Nononono wait wait wait this is an absolutely terrible idea-

Too late.

He'd never thrown anything before in his life and his aim was slightly less accurate than that of a anti-blood-sports protester forced to open fire on a small cuddly rabbit in a cross breeze, but luckily the object he grabbed was heavy, he had momentum and ridiculously long arms on his side, and the Party Escort robot was quite a big target.

"Whoahwhoahwhoah!" squeaked the squished turret, hurtling horizontally on its merry way.

CLAANNNNGG, went the Party Escort robot, as the turret bounced off its cantilevered shoulder and knocked it sideways, scattering the remaining turrets like ninepins.

"Sorry!" yelled Wheatley, automatically, as the big robot hit the ground with a panel-shaking crash. He hadn't really expected that to work, let alone planned what to do if it did, and he dithered a bit before deciding he'd better do something to follow it up and making a grab for Chell's shoulders.

"Come on, here we go, hup!"

With a speed born of terror he managed to get one of her limp arms over his own shoulder. He hefted her upright with all the finesse of a sack of potatoes, took a step, staggered.

"Oh, bloody hell,you weigh a ton! What've you been eating out there?"

Flat on its back on the floor, the Party Escort Robot made a very bad-tempered grinding noise, and started to lever its sturdy legs deliberately backwards, raising itself gradually upright. Wheatley took one look and decided that he didn't like where this was going.

"Nevermind! Tell me later, don't fancy staying to chat with this bloke, he's built like a brick proverbial. Come on!"

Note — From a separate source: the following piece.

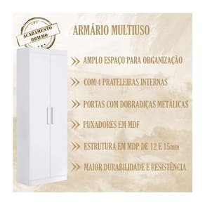 Armário Multiuso 2 Portas 191 Aramóveis Produzido em aglomerado 12mm e 15mm de espessura, proporcionando resistência e durabilidade. Amplo espaço interno, garantindo maior firmeza ao móvel. Puxadores de mdf dando maior resistência. 4 Prateleiras amplas, proporcionando maior conforto e comodidade em guardar seu sapatos sem amassar. Dobradiças metálicas dando maior durabilidade e resistência ao abrir e fechar as portas. Acabamento em verniz texturizado fosco e verniz brilho nas portas, garantindo a conservação do móvel, além de manter a beleza constante oferece ao móvel, resistência e durabilidade prolongando a vida útil do produto. Atenção: A coloração das imagens do produto pode ter diferentes tonalidades dependendo do seu monitor. Ao receber o produto verifique as seguintes informações: Confira a quantidade de caixas e volumes; Consulte se o nome do comprador consta em todas as etiquetas; Verifique se as caixas não apresentam sinais de violação; Sempre confira seu produto no ato da entrega. NÃO nos responsabilizamos pela montagem do produto. Caso resida em apartamento, verificar se todos os volumes possuem tamanhos adequados ao elevador, Caso contrário é necessário solicitar ajuda para entrega de seu produto até seu apartamento. As imagens são ilustrativas e o produto mencionado nessa compra é o produto do título. Marca: Aramóveis Material: MDP Acabamento: Pintura UV Número de Portas: 2 Portas Quantidade de Prateleiras: 4

Chell was barely conscious, but with her feet on the ground and her weight mostly supported by Wheatley's arm she managed to get her legs moving in some semblance of order. Together they stumbled slowly and drunkenly up the tunnel, grazed off the wall a few times, and keeled against the double doors at the end.

They were standard Aperture fire doors; clunky, sturdy, with a big grey crash bar instead of a handle. Wheatley stared, baffled.

"Right, er- is this going to need a password? Only I'm not seeing any-"

Just then, the Party Escort Robot finally succeeded at raising itself to its feet, and took a whining, aggravated step in their direction. Wheatley flinched at the noise, turned, and saw the big robot stumping determinedly towards them. He tried to flatten himself against the door, tripped over Chell's legs, and hit the crash bar hard with the small of his spine.

The doors shuddered outwards. Suddenly unsupported, Chell and Wheatley fell backwards through the wide blue gap, and out into the fresh air.